A year ago, the big political story in Texas was about the race for governor — in particular, the Republican primary brawl between two of the party’s most prominent figures. Another was about the well-financed Democrat who gave up a bid for the U.S. Senate to challenge the winner of that Republican battle. And one more was about whether the Democrats would be able to win one or two or three additional seats in the Texas House, giving them a majority and the right to elect a speaker after eight years of Republican reign.
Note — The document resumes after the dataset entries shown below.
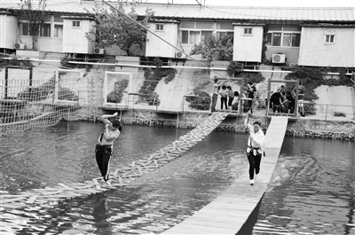 拓展训练过程中,张开开在水上闯关项目中意外落水,成为活动中让人倍感温暖的小插曲。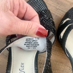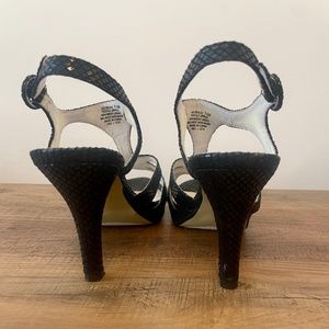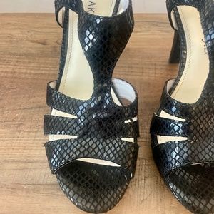 Anne Klein Iflex Heels, Open Toe, Black snakeskin, shiny, 7.5, EUC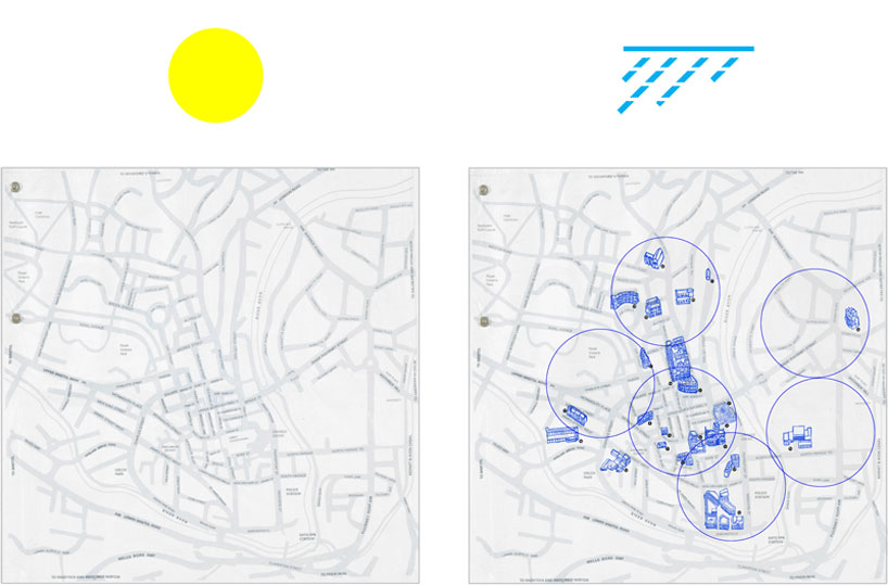Designed as a roll map, the fabric is water, and crumple proof allowing it to be easily stored in your bag with minimal packaging to combat any excess waste. The map is color coded to specific external environmental temperatures, which allows tourists, visitors and residents a like to have a new experience of bath.

Those were kind of flaky story lines, looking back. Unexpected people showed up. The political environment bloomed red instead of blue. The Tea was strong. And big shots turned into paper tigers. The political personalities that mattered:
Debra Medina, a Ron Paul Republican who grabbed the microphone and the spotlight in the primary for governor, stealing attention in what had been billed as a two-person show. Medina gave voice to the Tea-tinged populist discontent that turned out to be the political flavor of the year, but her campaign fell to pieces after she suggested she was open to the idea that the U.S. government had a hand in the 9/11 attacks.
Kay Bailey Hutchison, the most popular Republican in Texas, turned out to be exactly the wrong person at exactly the wrong time in the governor’s race. Her U.S. Senate experience was toxic this year, and she typified the federal government, this election cycle’s goat. What she hoped would be a coronation was a landslide — for her opponent.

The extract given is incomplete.